The entire concept of the Tropico series sits weirdly. You are the illustrious El Presidente, leader-slash-dictator of the banana republic of Tropico, a nation that spans a huge number of islands, presented to you in pieces and missions. Or maybe any single island is Tropico, and each mission represents a different timeline where the nation was founded on that particular island. Or maybe it’s some combination of both, but maybe it ultimately doesn’t matter, because you are El Presidente, and you decide what truth is.
Your humble servant Penultimo presents each mission from the future, reminiscing about past glories with you, with some voiced dialogue setting up the scenario before letting you get to the task of nation building. These missions start on a decently realistic bent — seeking independence, dealing with the seedy criminal underworld, establishing a purer Communism — but eventually turn toward the more absurd, dipping into apocalyptic calendars, rogue AIs, and the supernatural.

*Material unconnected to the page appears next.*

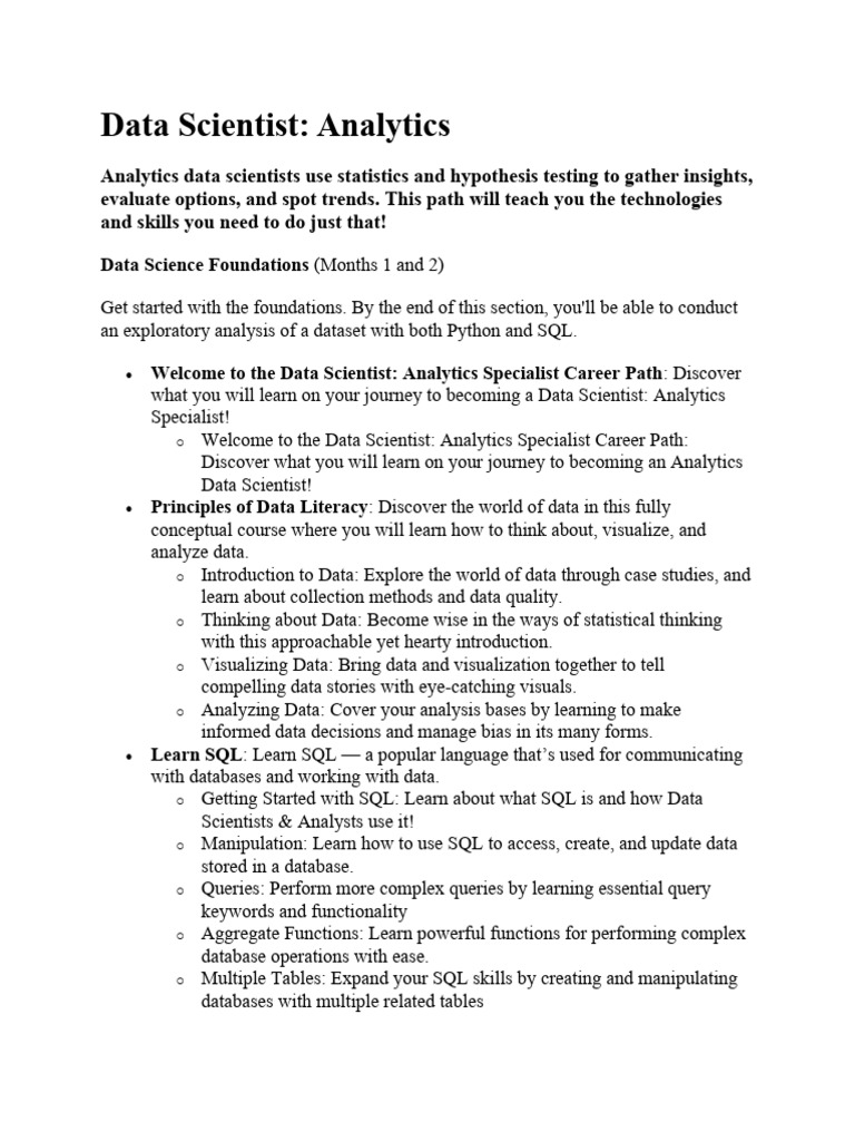 in the Data Scientist: Analytics Specialist Career Path and explore ways to

Imagine a scale, starting from one and ending at ten. Stretch it out so it’s big enough to plonk all the different types of city-building style of games across it, from the easier ones at one end, to the most difficult ones at the other. To me, the Tropico series falls somewhere before the middle point, on the easier side of things. Which isn’t to say it’s bad because it’s easy — some of my favorite games are even further along the left of this imaginary scale. Just that previous iterations of the Tropico series are what might be considered a bit easy.
Tropico 6 starts out feeling the same way; an easy, relaxing experience, but a few missions in and things start to get amazingly difficult. Part of this spike in difficulty seems to be genuinely part of the game — without foreknowledge of mandatory quests, it can take a long time to prepare and produce what you need to move on. The other part is a mixture of pacing and glitches. Some missions have quests that don’t pop until well into the late game, while others have missions that trigger, get completed, and then fail to actually complete and deliver the promised rewards.
None of the bugs I encountered were at all gamebreaking, just odd and occasionally irritating — a persistent sound bug when opening a menu caused a sound effect from that menu to loop every second for the duration of the activity that menu activated. A firetruck casually flew through the air, crossing the city to extinguish a fire instead of taking to the roads like a normal vehicle. An optional quest objective was completed and the quest just began flashing with a check mark for the entirety of the rest of the mission.
The basic idea for almost any of the fifteen missions is simple enough. Build up your economy and balance your production against worker’s wages, transport ability, and public services to export enough goods to maintain a positive bank balance, all while progressing through different eras which are populated with internal and external political factions which need to be kept happy enough to not attempt a military coup or an invasion. The specifics may differ depending on the mission — one doesn’t let you build houses, for example — but the true city building experience is most prevalent in the free play mode, which is the mode you want if what you’re after is the gameplay without the pesky objectives.
But like I said, the concept sits weirdly. Tropico 5, the previous game, was released in 2014. In that magical time, which feels like decades ago, the idea of roleplaying as a dictator was a bit more amusing than it is these days, where the reality of current world leaders puts a bit of a damper on things like murdering political dissidents and arresting tourists.
It’s not quite as bad as it could be, thanks to the absurdist direction the later missions go in, but the toolkit of the dictator is still there.
If you’re the kind of person who can put that aside, however, Tropico 6 provides a deep level of micromanagement in designing Tropico the way you want; practically every building available can be researched to unlock numerous work options, which can provide benefits like siphoning money into a private Swiss bank account, or essentially inundating your people with propaganda to influence them towards joining a different internal political faction. Raid buildings, like the Pirate Cove, let you send squads out autonomously to steal wonders of the world, which can provide incredible benefits to your nation; such as pushing a high school education on everyone, or transmitting that aforementioned propaganda across the entire map without needing to build multiple radio and television stations to cover everywhere. A large number of presidential edicts can modify how the base game functions — get rid of speed limits so workers can get around faster, or pay a little extra to speed up all your boats.
Politically, Tropico 6 tries to thread a line between humor and actual statement on the way the world works. Mechanically, Tropico 6 plays fluidly while remaining easy enough to not turn away a more casual player. It could certainly say more, but even if it said nothing, it would still be fun to play.
This review is based on a Steam code sent to SideQuesting by the publisher.